Um Mobilitätsmuster und deren Änderungspotenziale im ländlichen Raum besser zu verstehen, wird ein Ansatz verwendet, der die Vielfalt klar erfassbarer Alltagspraktiken empirisch greifbar machen will. Mobilität wird dabei nicht als individuelles Bedürfnis verstanden, sondern als Ergebnis gesellschaftlicher Einbindungen in räumlich verteilte soziale Netzwerke, die durch Alltagsbewegungen entstehen.

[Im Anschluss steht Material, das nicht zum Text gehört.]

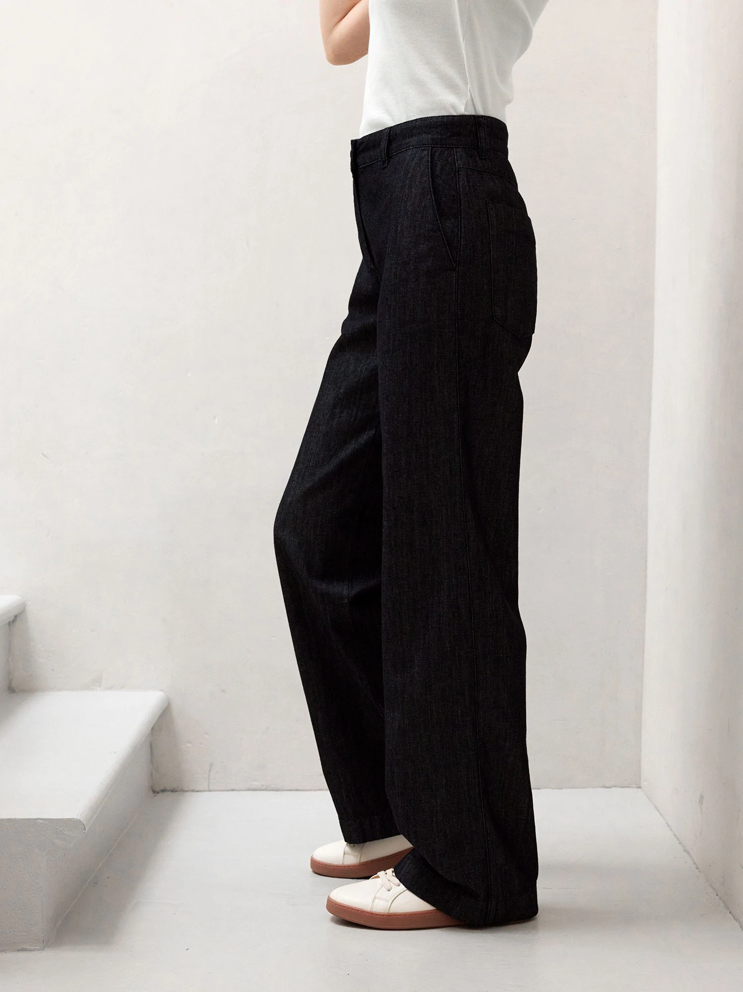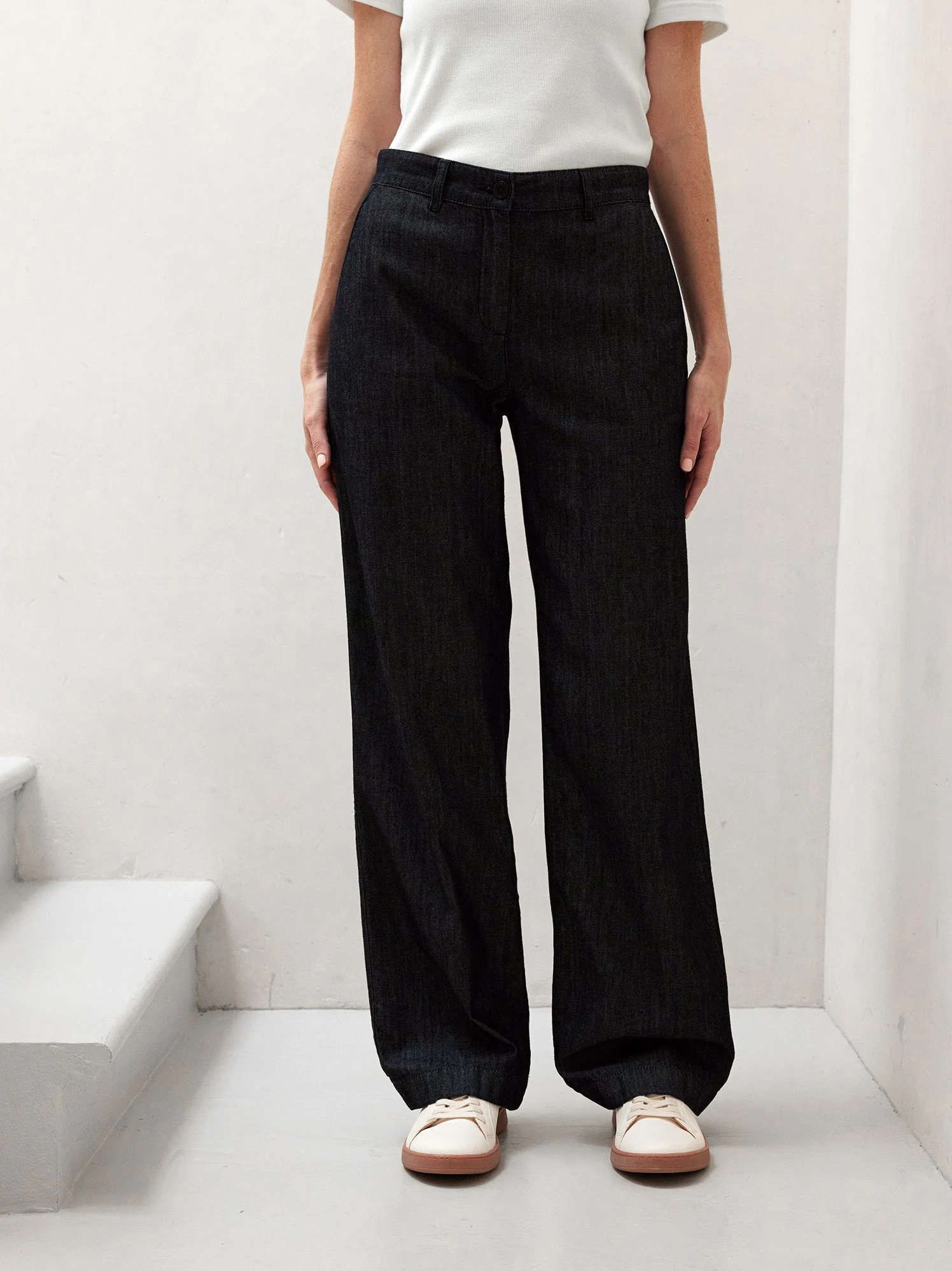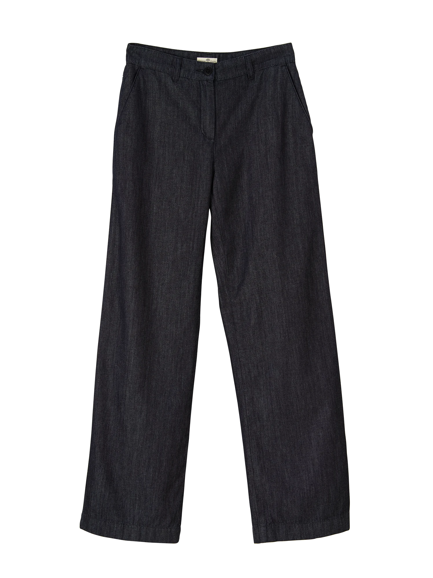 Die Hose entsteht aus hochwertiger Baumwolle kbA und sorgt dank der weiten Passform für eine schöne Silhouette. Das Modell in Baumwoll-Denim überzeugt aber zudem mit vielen Details: Verschlossen wird die Hose mit dem weiten Bein mittels Knopf- und Reißverschluss. Zwei seitliche Eingriffstaschen sowie zwei Zierleistentaschen auf der Hinterhose zieren das Modell.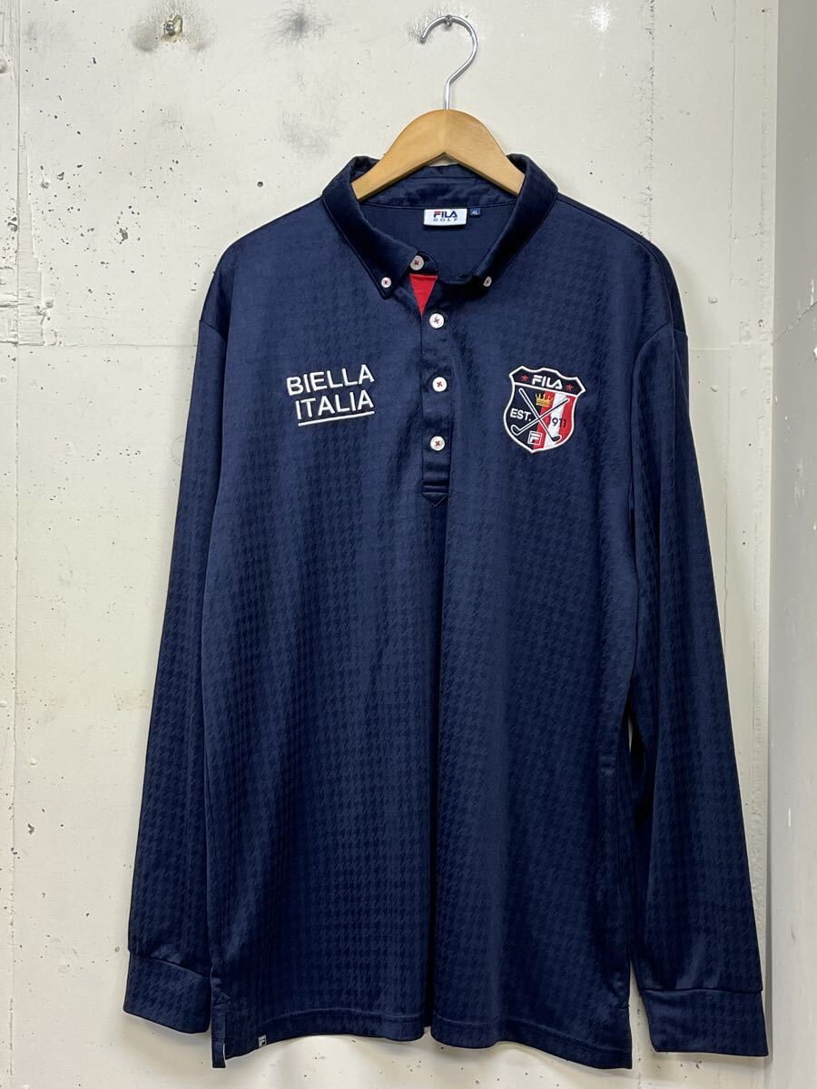 - 美品 FILA GOLF フィラゴルフ 速乾ストレッチ 長袖ポロシャツ 紺黒 メンズ 4L 3XL 総柄 千鳥格子 ゴルフウエア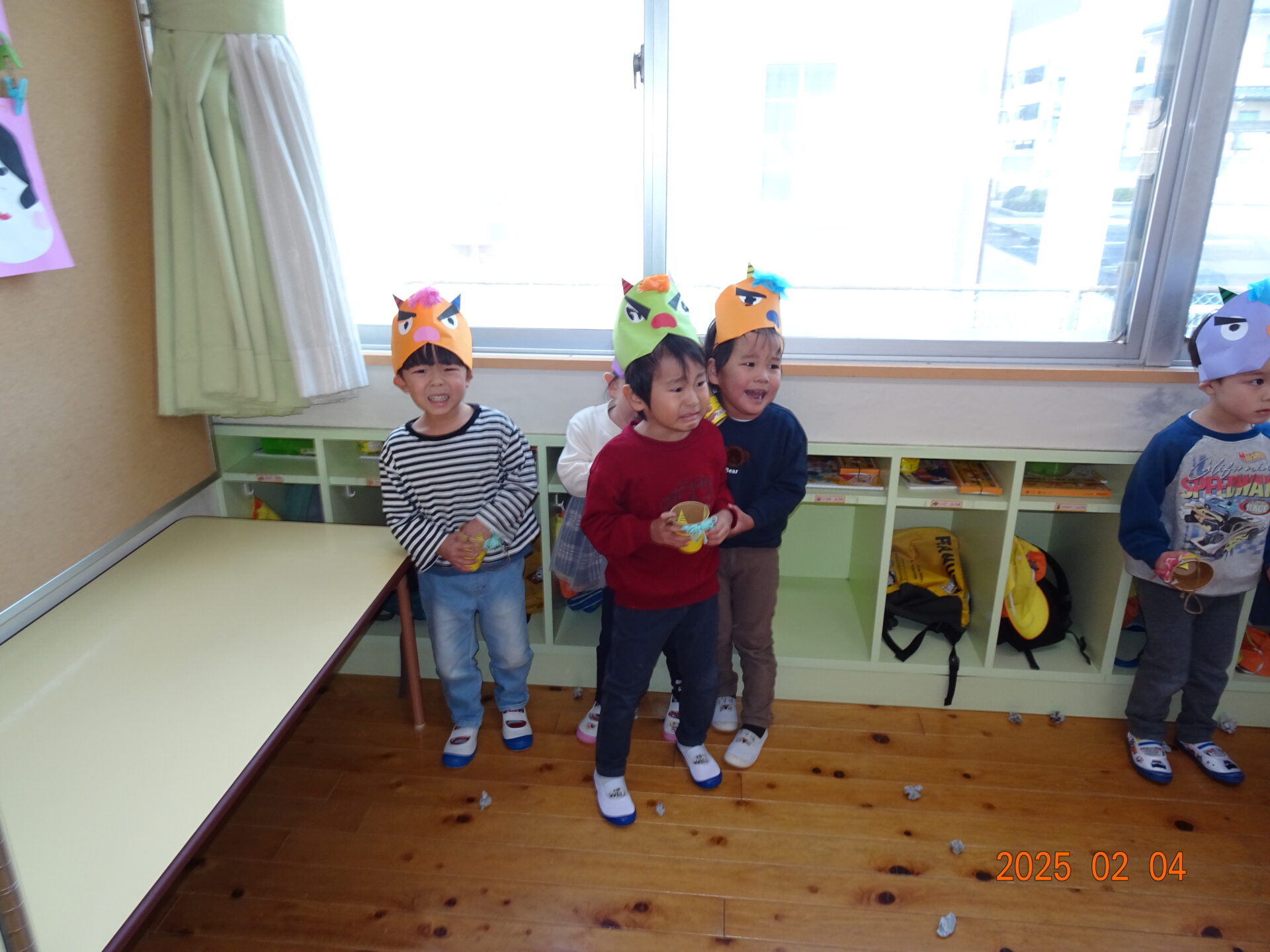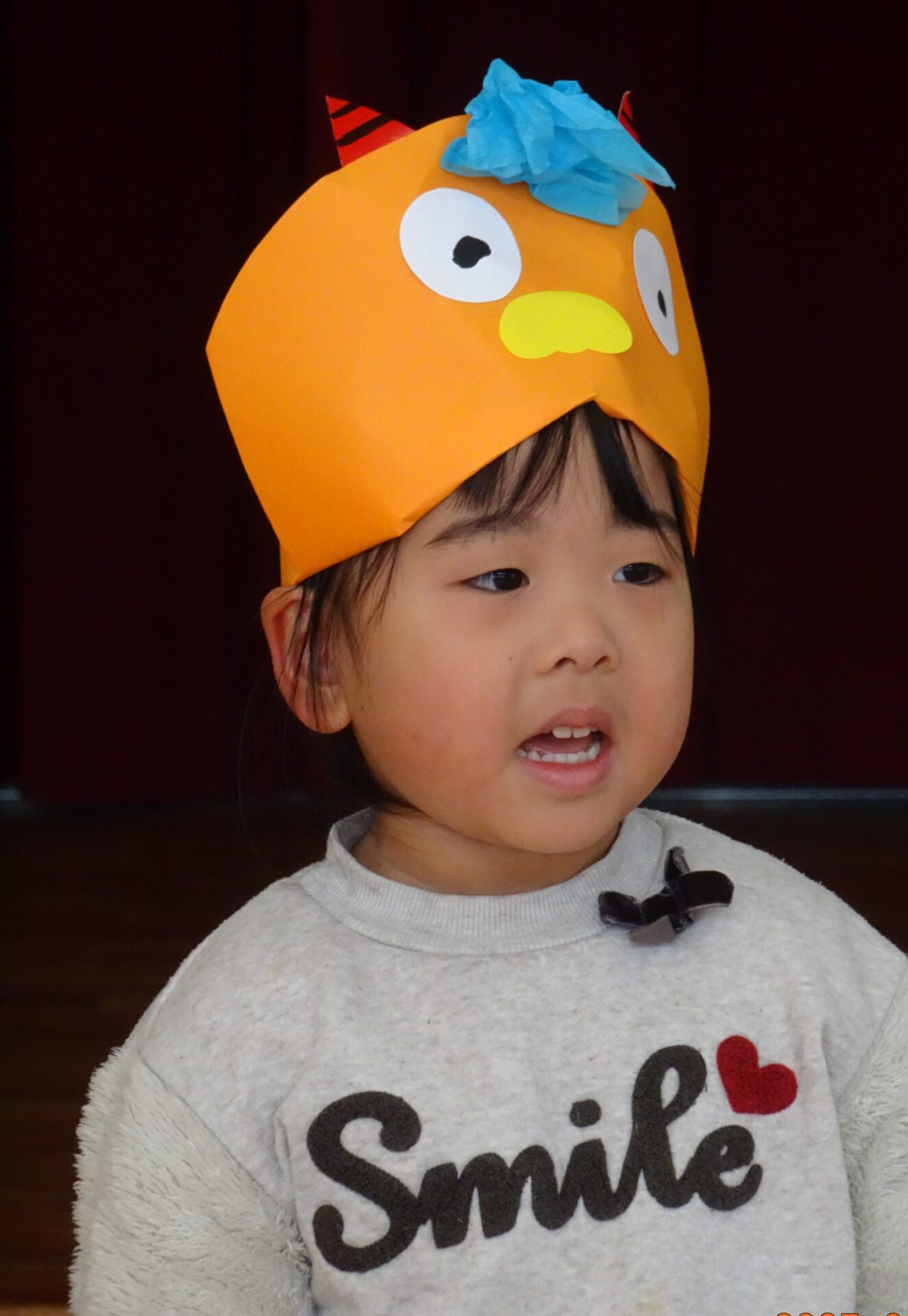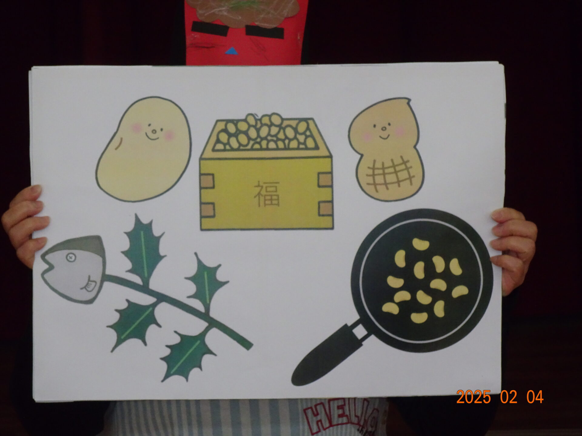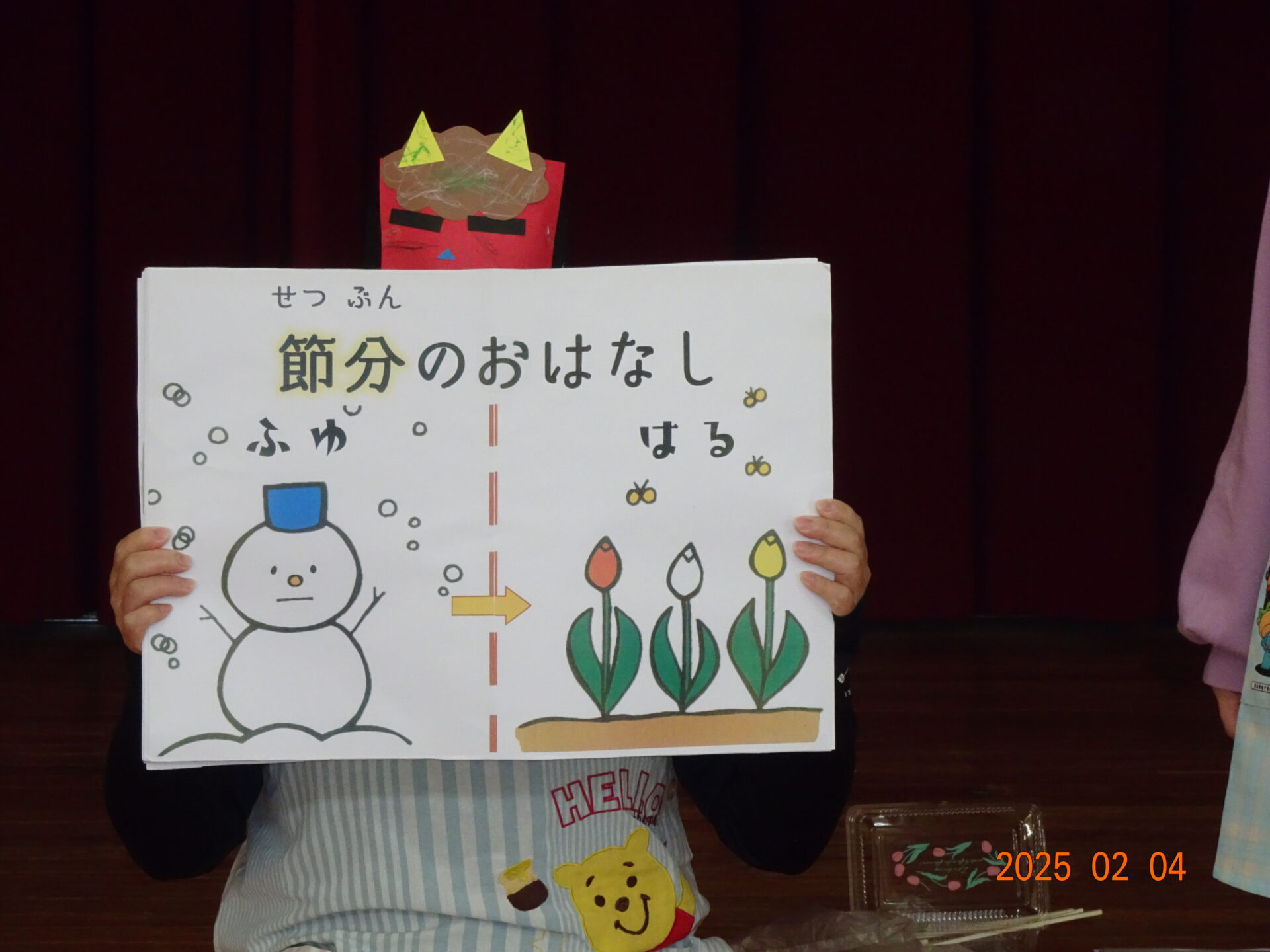 その後は、節分についてのお話を聞きました。節分のいわれや、鬼の嫌いな物、どうして豆まきをするのかのお話を聞きました。
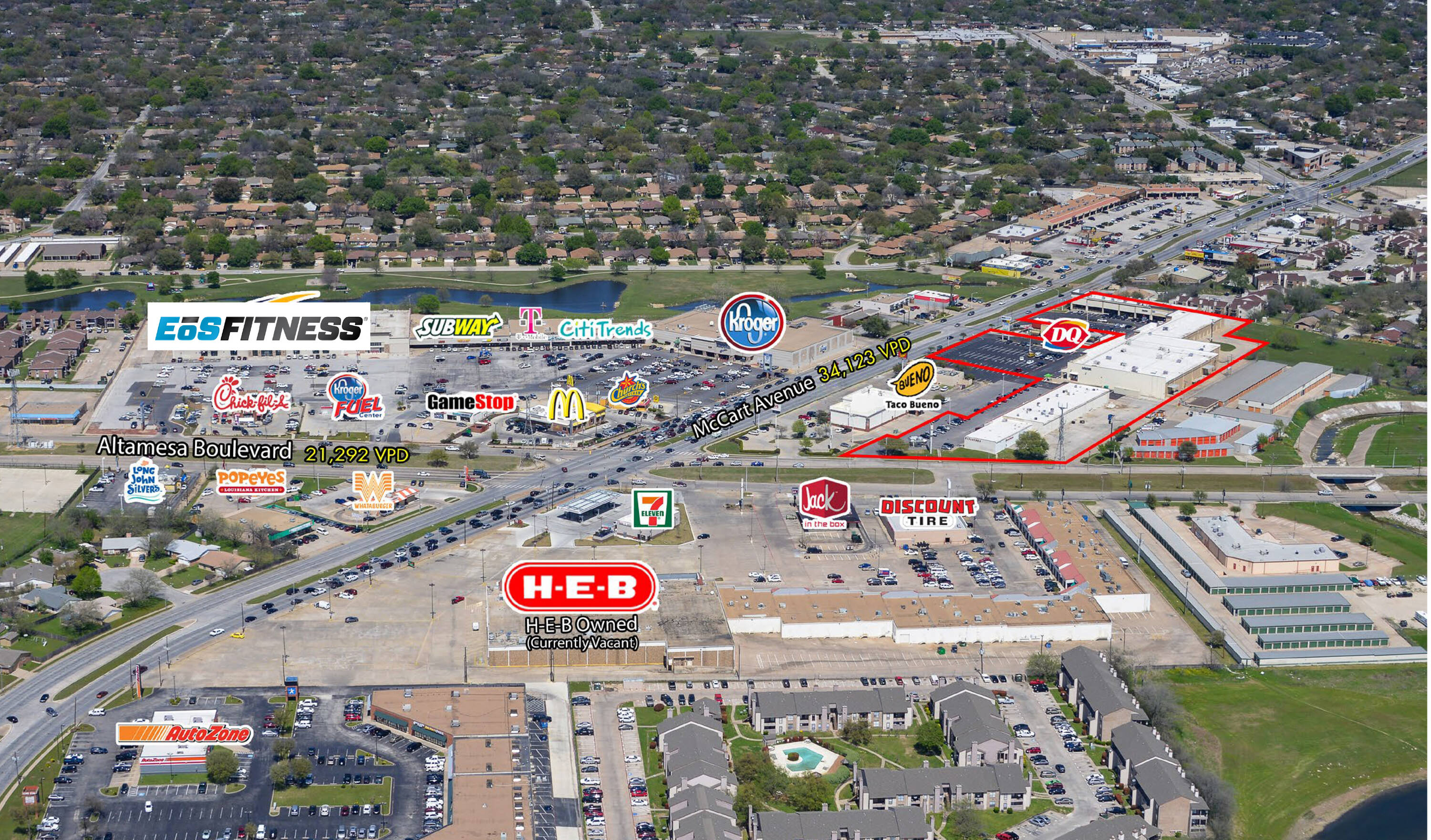 The property is located at 6401-6451 McCart Avenue Fort Worth, TX.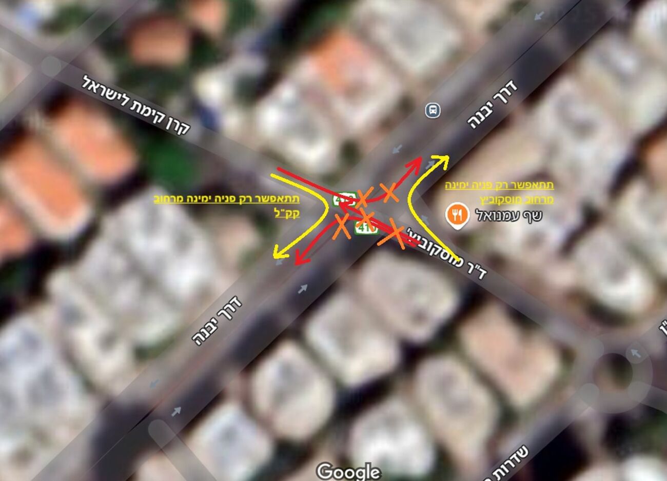 *תתאפשר פנייה ימינה ממוסקוביץ' וקק"ל לדרך יבנה*

Im Beitrag „Wer, wie, was, wohin? Identifikation von Mobilitätstypen in kleinen Gemeinden auf Basis sozialer Netzwerke" von Paul Witte vom Institut für Technikfolgenabschätzung und Systemanalyse (ITAS) des KIT werden Mobilitätstypen vorgestellt, deren Grundlage zwei Bevölkerungsumfragen darstellen. Mithilfe einer Clusteranalyse können die Mobilitätsmuster der Befragten in verhaltenshomogene Gruppen (Mobilitätstypen) eingeteilt werden. Im Rahmen des Vortrags werden erste Ergebnisse der Clusteranalyse präsentiert und gezeigt, welche Mobilitätstypen sich für kleinere Gemeinden identifizieren lassen. Anschließend werden die Cluster diskutiert.
Die Onlineveranstaltung findet via Webex statt.